If a Picture Is Worth 1,000 Words, a Dashboard Is Worth 1,000 Reports

In blog by Kathleen ConnellyLeave a Comment

By Patrick O’Neill, Founder and President, Redhand Advisors

While a RMIS helps your business proactively manage risk, the process of tracking trends and pulling reports is often inefficient and may even be arresting your ability to fully leverage available data when you need it.

Creating customized dashboards for your RMIS allows individual employees and teams to easily access key reports and metrics and, at a glance, monitor your risk. With intelligence at your fingertips, it’s much easier to know where to focus mitigation efforts.

If configured properly, your RMIS dashboard should serve as the starting point for all your activity in the system.  It’s the visual place you do your job. Users can configure a dashboard to show daily activity, regularly referenced reports and key metrics so you have it all at your fingertips.

Organizing your dashboard: Drilling down to what’s important 

The key to a great dashboard is customization with drill down capabilities.

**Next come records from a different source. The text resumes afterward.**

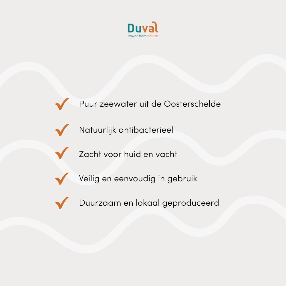 Bij wonden draagt het gebruik van gezuiverd zeewater bij aan een schone, goed verzorgde huid die ruimte krijgt om te herstellen. Daarnaast kan Duval Oosterschelde Water inwendig worden ingezet als elektrolytenaanvulling, vooral bij paarden die veel zweten door warm weer of inspanning.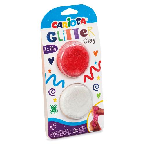 Pasta modellabile Glitter Clay 2 vasetti 20gr Bianco e Rosso 42129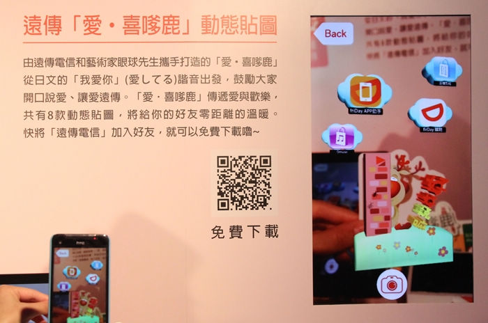 將遠傳的LINE官方帳號加入好友,就能獲贈以LINE動態貼圖主角「愛‧喜嗲鹿」,結合擴增實境(Augmented Reality;AR)技術,透過「愛‧喜嗲鹿」APP拍攝「愛‧喜嗲鹿」N次貼,立即可見「愛‧喜嗲鹿」以3D立體方式撒嬌賣萌。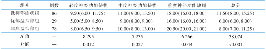 目的 探讨急性期脑卒中患者卒中后抑郁的潜在类别及其与神经功能缺损程度的相关性,为临床医护人员制订针对性的干预措施提供参考。 方法 采用便利抽样法,选取2024年1月—4月在河南省2所三级甲等综合医院神经内科住院的193例急性期脑卒中患者作为调查对象,使用一般资料调查表、美国国立卫生院卒中量表和患者健康问卷进行调查。采用无序多分类Logistic回归分析卒中后抑郁潜在类别与神经功能缺损程度的相关性。 结果 193例急性期脑卒中患者卒中后抑郁得分为(10.22±3.61)分,卒中后抑郁可分为低抑郁症状组(44.6%)、忧郁型抑郁组(15.0%)、非典型抑郁组(40.4%)3个潜在类别,不同潜在类别脑卒中患者的神经功能缺损程度差异具有统计学意义(P<0.001),与重度神经功能缺损相比,轻度缺损患者更可能归于“忧郁型抑郁组”(OR=0.016,P=0.001)和“非典型抑郁组”(OR=0.040,P<0.001),中度缺损患者更可能归于“非典型抑郁组”(OR=0.085,P=0.001)。 结论 急性期脑卒中患者卒中后抑郁存在明显的分类特征,建议医护人员应加大对不同神经功能缺损程度患者的关注,根据卒中后抑郁的不同类别采取针对性的干预措施以减轻其抑郁症状。
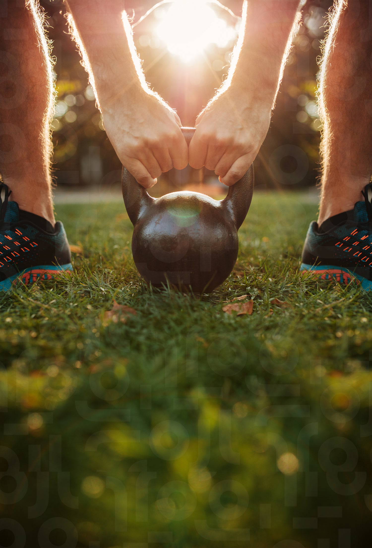Cropped shot of young man doing kettlebell workout, focus on hands holding kettle bell on grass.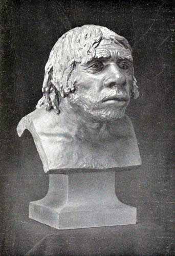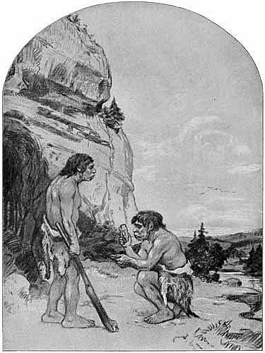 Pl. I. Neanderthal man at the station of Le Moustier, overlooking the valley of the Vézère, Dordogne. Drawing by Charles R. Knight, under the direction of the author.
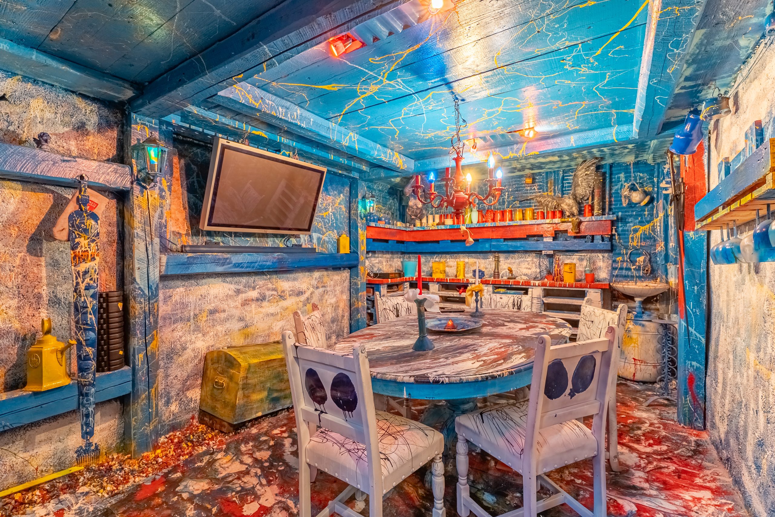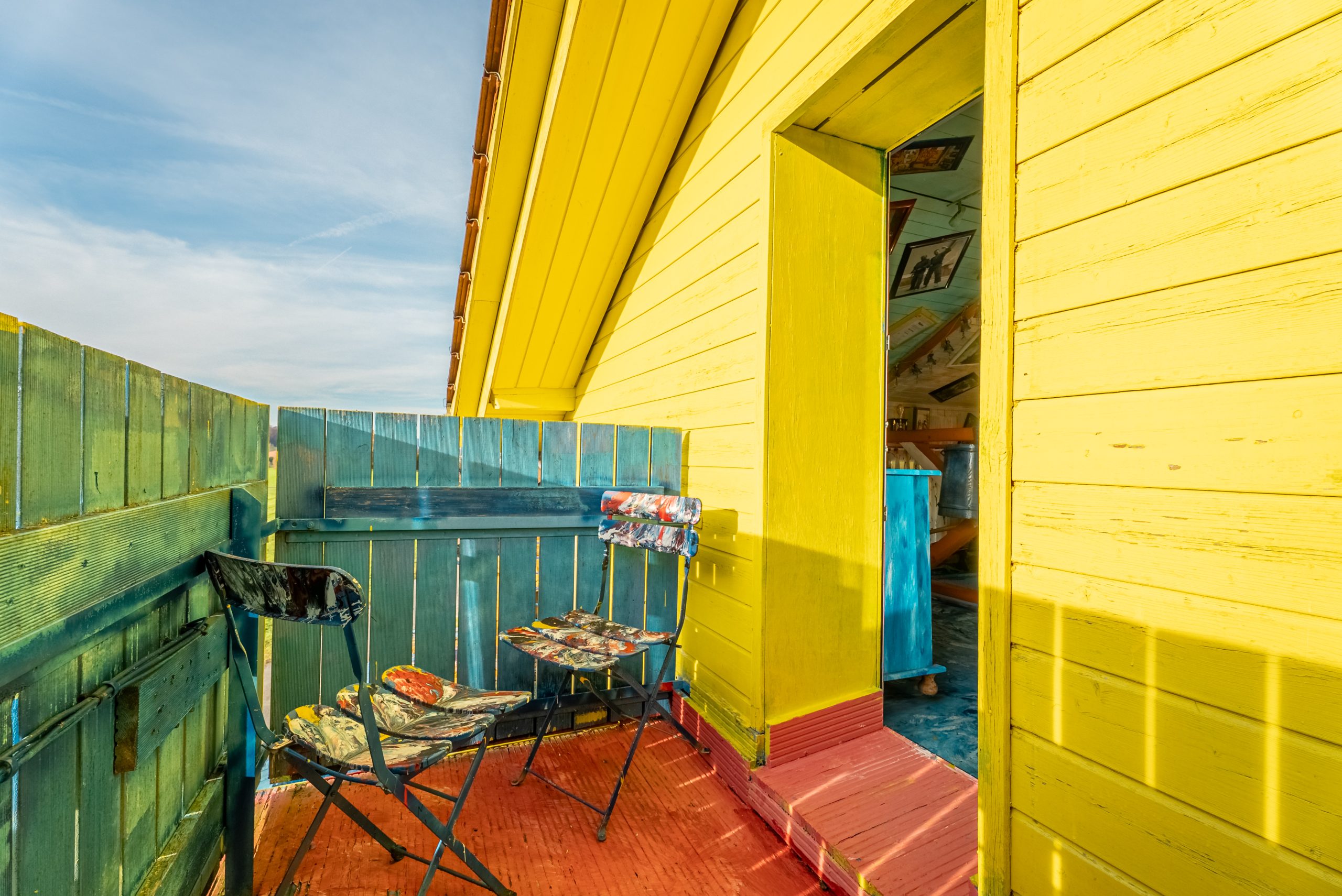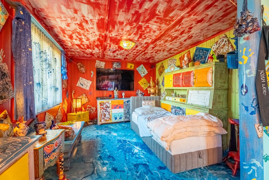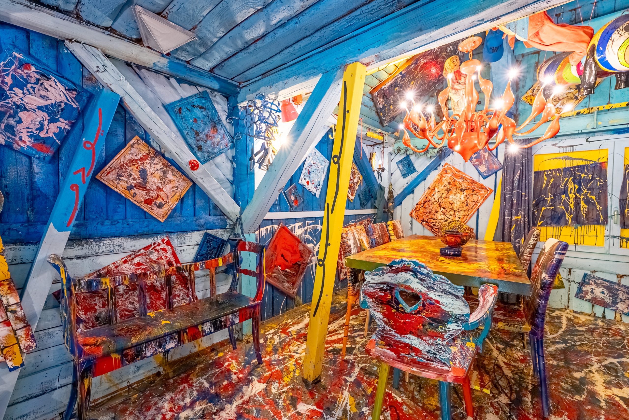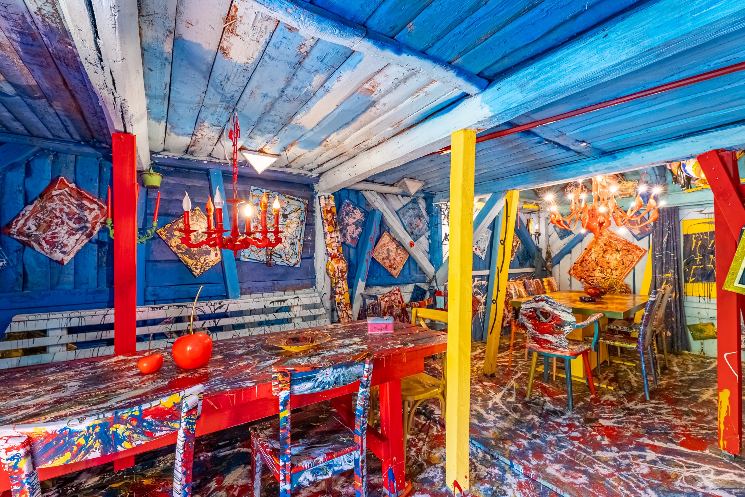 Das Wohnhaus präsentiert sich mit einem Pop-Art-inspirierten Farbkonzept in leuchtendem Gelb und tiefem Blau. Nichts ist zufällig, nichts ist gerade – und genau das macht den Charme aus. Schräge Linien, verspielte Übergänge und bewusst gesetzte Brüche schaffen ein Ambiente, das jeden Raum lebendig macht. Die gelbe Küche bietet genügend Platz für einen Esstisch und lädt zu Gesprächen ein, die genauso bunt sind wie die Umgebung. Im Untergeschoss wartet ein gemütlicher Ess- oder Partyraum, perfekt für lange Abende, gute Musik und Menschen, die das Leben feiern.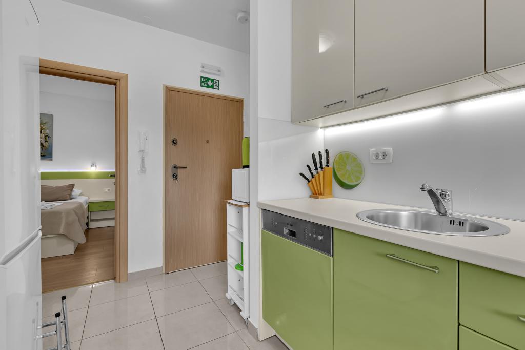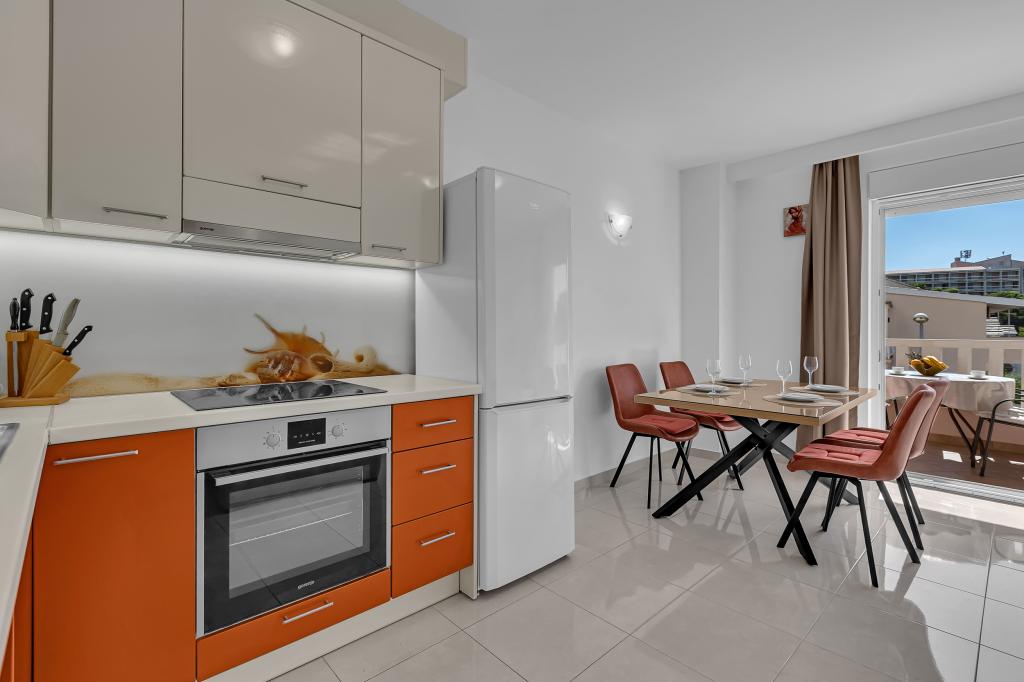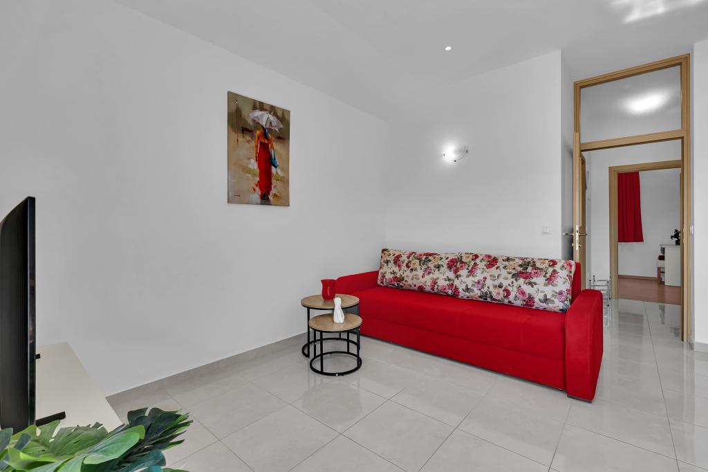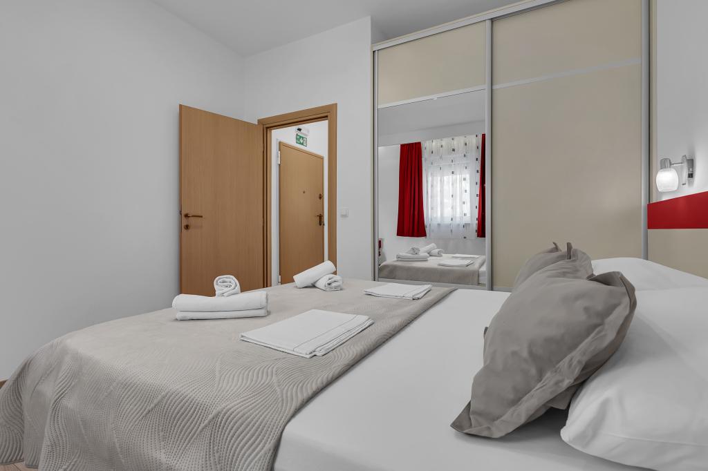 NOUVEAUX APPARTEMENTS! Tous nos appartements sont équipés de façon moderne. Au total, nous avons six (6) appartements à offrir, dont cinq (5) d'une chambre et un duplex de deux chambres. Dans la cour il y a une petite piscine pour les invités, a) Les appartements d'une pièce (2 adultes et 2 enfants) disposent : d'une chambre avec un lit double, d'une grande salle de bain avec une grande douche, d'une cuisine moderne entièrement équipée avec une salle à manger et un salon avec climatisation et un canapé-lit confortable pour deux enfants adultes, ainsi que d'Internet Wi-Fi. Chacun de ces appartements dispose d'un grand balcon de 9 m2 depuis le séjour. b) L'appartement 4 de deux pièces sur deux niveaux (4 adultes et 2 enfants) dispose au premier étage d'une chambre moderne avec un lit double et une salle de bain avec douche et WC, une cuisine complète avec un coin repas et un salon qui dispose d'un canapé-lit confortable pour deux enfants adultes. On accède au deuxième étage par un escalier en colimaçon, avec une grande pièce, une salle de bain et des toilettes séparées. . Les deux étages sont climatisés.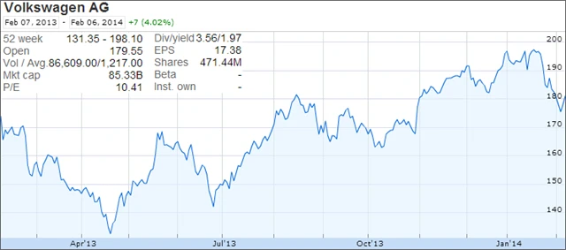 Největší evropská automobilka překonala General Motors a měřeno tržbami je je globální dvojkou za Toyotou. Pro Volkswagen oživení v Evropě spolu s rostoucí globální poptávkou po jeho portfoliu značek znamená pokračující podporu firemních tržeb a zisků. Titul by mohlo dostat pod tlak velké ochlazení v Evropě, Číně nebo na automobilovém trhu v USA. Během posledního měsíce tyto obavy vyvolaly pokles ceny akcií o téměř 10 %.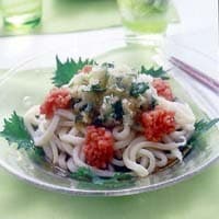 - 2うどんはたっぷりの熱湯で袋の表示時間どおりにゆで、手早く水洗いして水けをきる。 器に飾り用のしそを敷いてうどんを1/2量ずつ盛る。混ぜ合わせた大根おろしとしそ、明太子を等分にのせ、つゆをかける。 (1人分371kcal、塩分5.9g) ※めんつゆは2倍希釈のものを基準にしています。ただし、メーカーによって塩分などに違いがあるので、味を見ながら加減してください。3倍希釈の場合はめんつゆ1/3カップ+水大さじ2にして。

For example, if you have a claims threshold of $100,000, once a claim exceeds that amount, set a notification to display on your dashboard.

The dashboard also provides easy access to key reports and enables employees to monitor changing and key metrics at a glance. Unlike static reports with inaccessible data buried inside a PDF, you can configure your dashboard to actively cull the information most important to you, while another RMIS user can do the same with their dashboard’s key metrics.

Employees or teams can easily build their dashboard with the reports they typically use to extract and display the most essential statistics for their job function. 

Create a user-focused system

A good dashboard will be user focused. Traditionally, only a risk manager would work in the RMIS, but now there are multiple stakeholders within an organization looking at different metrics. Consequently, an organization should configure dashboards to meet the needs of each individual, function or department using it to manage their specific areas of responsibility. 

Organizations are putting more and more users on their RMIS, as risk has spread through organizations and various departments are responsible for various risks. (LINK to blog on this once published). Dashboards give you an opportunity to customize RMIS use more effectively to more individuals.

For example, the risk manager responsible for claims management might customize the dashboard to display the current number of claims assigned to each adjuster and the average time it takes to close them. A safety manager may want to see the number of accidents in different areas of the business, or by facility. 

Analysis is important to leadership

In today’s competitive landscape, leaders must have timely access to key trends and data. They need the ability to identify top risks in different areas of their business and locations. With this real-time data, managers and supervisors can take the necessary steps to reduce these risks.

3 best practices for optimizing dashboard use

Ideally, your dashboard should function as a living entity. Here are three best practices to best leverage its use.

  1. Know it’s trial and error and continually evolving. Be on the lookout for other metrics that might offer insights into key trends and add them to the dashboard. It’s important to try out new metrics; they may end up being useful. 
  2. Eliminate widgets that aren’t providing value. If the user isn’t constantly looking at a metric, perhaps it doesn’t belong on their dashboard.
  3. Visualization is important. Take advantage of the graphics in your dashboard to view the information. If percentages are being tracked, pie charts are a great visualization tool; if you’re making comparisons, use bar charts. If a picture is worth 1,000 words, then a dashboard is worth 1,000 reports.

Many organizations implemented their RMIS before dashboard technology became as robust as it is today. Consequently, many are not utilizing the advancements and capabilities that come with configuring your dashboard to meet your needs. Considering how dashboards have evolved to benefit RMIS users within an organization, it has never been as critical to consider implementing dashboards as it is today.